The Ghanaian economist everyone should be listening to

Kwame Ofori Asomaning

The global economic direction of the post-financial crisis period has been that of austerity. The size of the deficit has become the measure of government’s economic performance.

In a time of high public debt, falling revenue from commodities and stagflation, it is no surprise that the economic debate in Ghana has focused on reducing the deficit. In fact, in my economic posts on this blog the goal of deficit reduction has featured regularly.

Of course liberal economists like Paul Krugman, Joseph Stiglitz, Simon Wren-Lewis and Thomas Piketty have been warning that austerity is not only unnecessary but will also slow down recovery. The strength of their arguments can be seen in how the IMF has started warning against needless austerity.

But in Ghana, we continue to get warnings about the debt and deficit dominating the economic debate. Yet there is one economist going against the austerity currents. He is Kwame Ofori Asomaning, MD of private equity firm, Ghana Growth Fund Company.

In a well-received article for the Business & Financial Times, he argued brilliantly that as long as we have a current account deficit, government can only reduce the budget deficit by reducing savings in the private sector. By using the national income formula he derived:

Private Sector Surplus (Savings) = Public Sector Deficit + Current Account Deficit.

This means that a private sector surplus requires the public sector to take on a deficit equal to the savings of the private sector when there is current account deficit. He therefore criticised the deficit targeting which has become the government’s preoccupation since the IMF programme. He argued that cutting the deficit will require robbing the private sector of savings. Please read the whole article here, it’s very rewarding.

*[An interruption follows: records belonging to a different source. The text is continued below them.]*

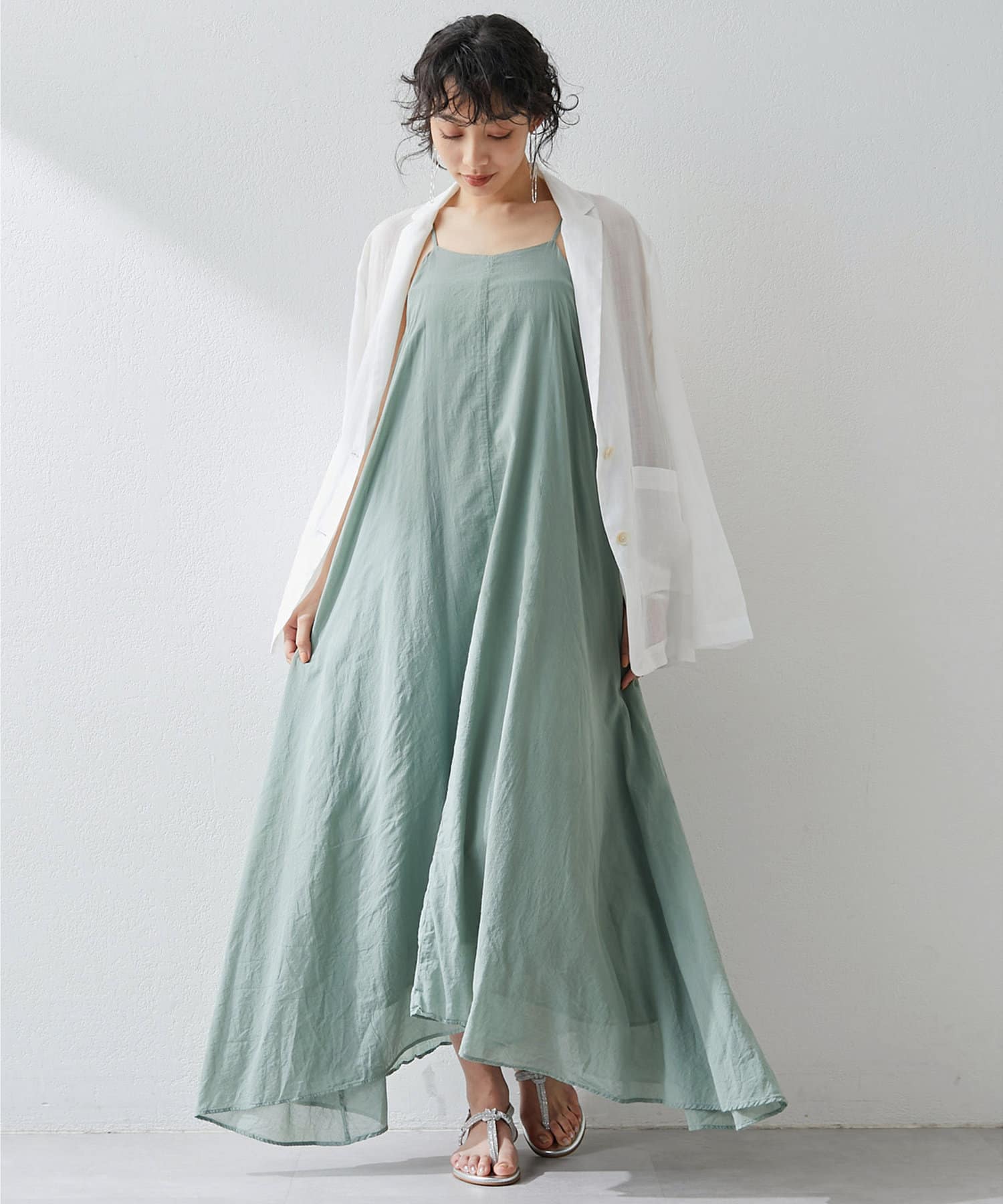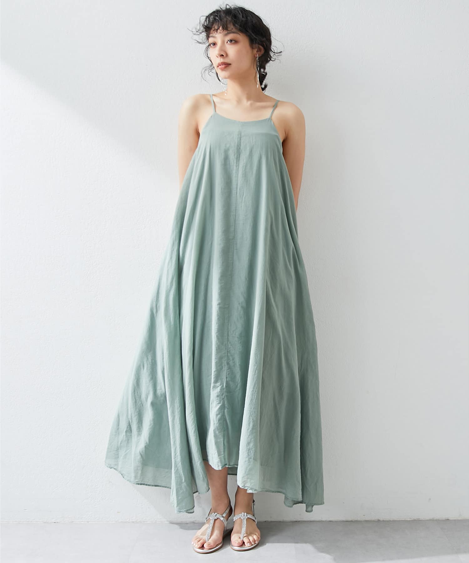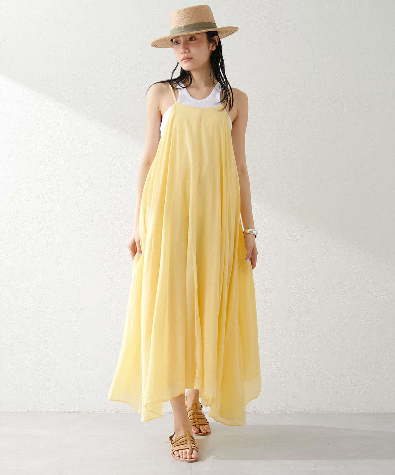 草木染めのナチュラルな色彩が美しい、エアリーなキャミワンピ
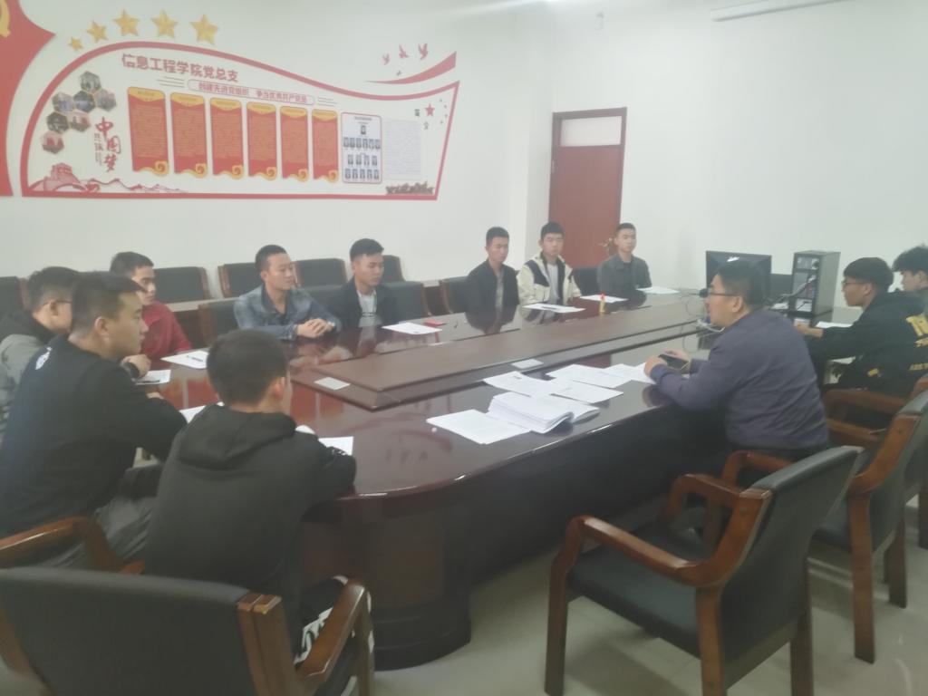 2019年11月7日12时,古天乐太阳集团城召开2019级古天乐太阳集团城退伍复学员工的座谈会。公司副书记、副经理段志峰出席会议,学工办潘高飞老师和13名退伍复学的同学参加了会议。
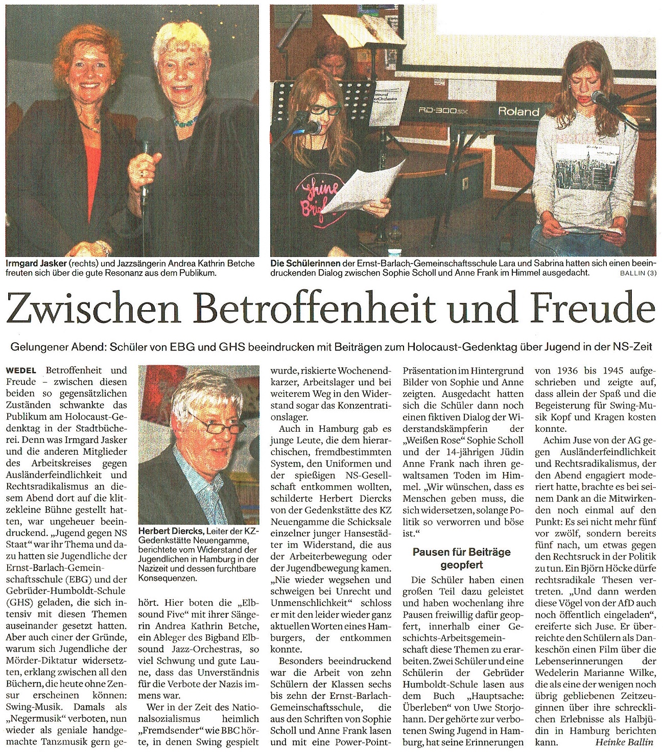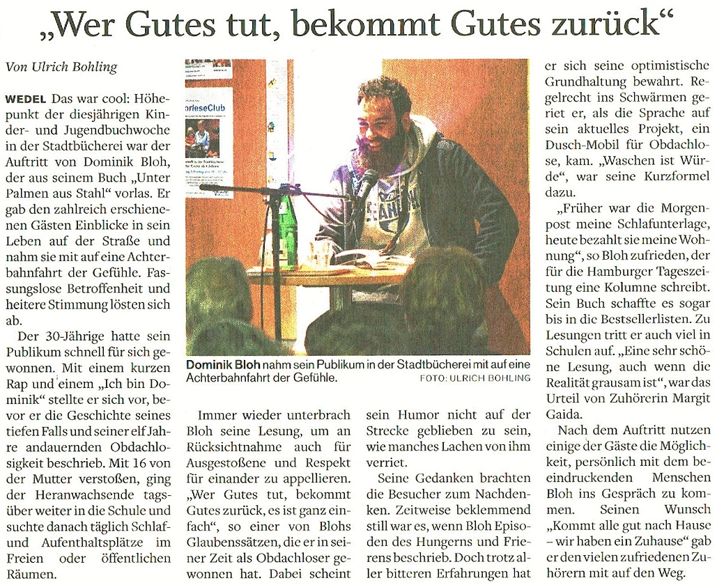Am Donnerstag (15.11.) gab es eine Abendveranstaltung. Dank des Einsatzes des Fördervereinsmitgliedes Ulrich Bohling berichtete Dominik Bloh von seinem Leben auf der Straße. Mit 16 Jahren wurde Bloh von seiner psychisch kranken Mutter vor die Tür gesetzt. Nun geht es in seinem Leben vorranging darum, Schlafplätze, Waschgelegenheiten und Lebensmittel zu finden. Dennoch schaffte er es, sein Abitur zu machen. In kalten Nächten deckte er sich damals mit der Hamburger MoPo zu, heute schreibt er für das Blatt.
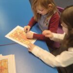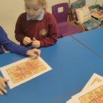 They have been doing more work on directions and Miss Campbell has been introducing simple co-ordinates and compass directions to them.
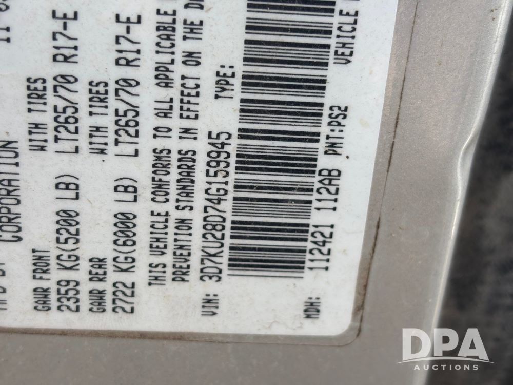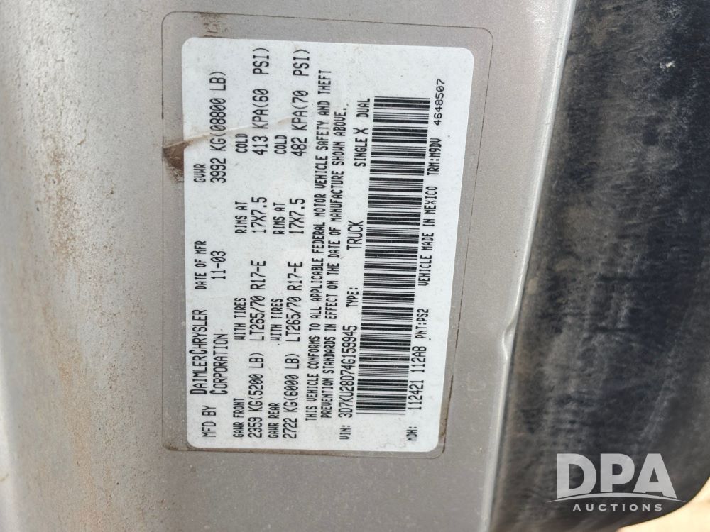 2004 RAM 2500 4x4 Pickup (GP12084, Unit 1050), 4 door, Hemi 5.7L V8 gas engine, transmission, heat, Am/Fm radio, cruise control, cloth interior, running boards, tow package, LT265/70R17, shows 247,395 miles.
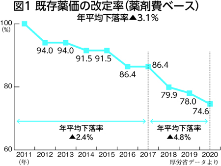 19年度の消費税増税の影響も大きく、診療報酬では多少の引き上げがありましたが、コロナ関連の補助金は1事業所あたり20年度が最大70万円、21年度は7万円。減収分の補てんにはほど遠いのが現実です。物価・エネルギー価格の高騰や後発医薬品の供給不安定化が、薬の仕入れ値の増加や価格交渉の困難も引き起こしています。

And in a second article he reinforced his argument and basically asked for a larger money supply with a promise to follow up with an argument on how our inflation was not one which could be cured with interest rates.

One can derive from his arguments that he’s not too big a fan of the accumulation of foreign debt. And truth be told a lot of his arguments in his second article could’ve been made better with the consideration of Ghana’s large external debt.

But whether one agrees with Mr Asomaning or not, he is certainly someone whose opinions should be included in the public debate. This is because economic consensus which is mostly just the terms of our creditors could prove dangerous. We need to look for alternatives in the long run.

We need space to develop infrastructure, create jobs and invest in the people and it is clear an economic goal of cutting deficits is inconsistent with that. A true economic debate is needed. If we proceed with the assumption that smaller deficits should be the goal then there really is no debate.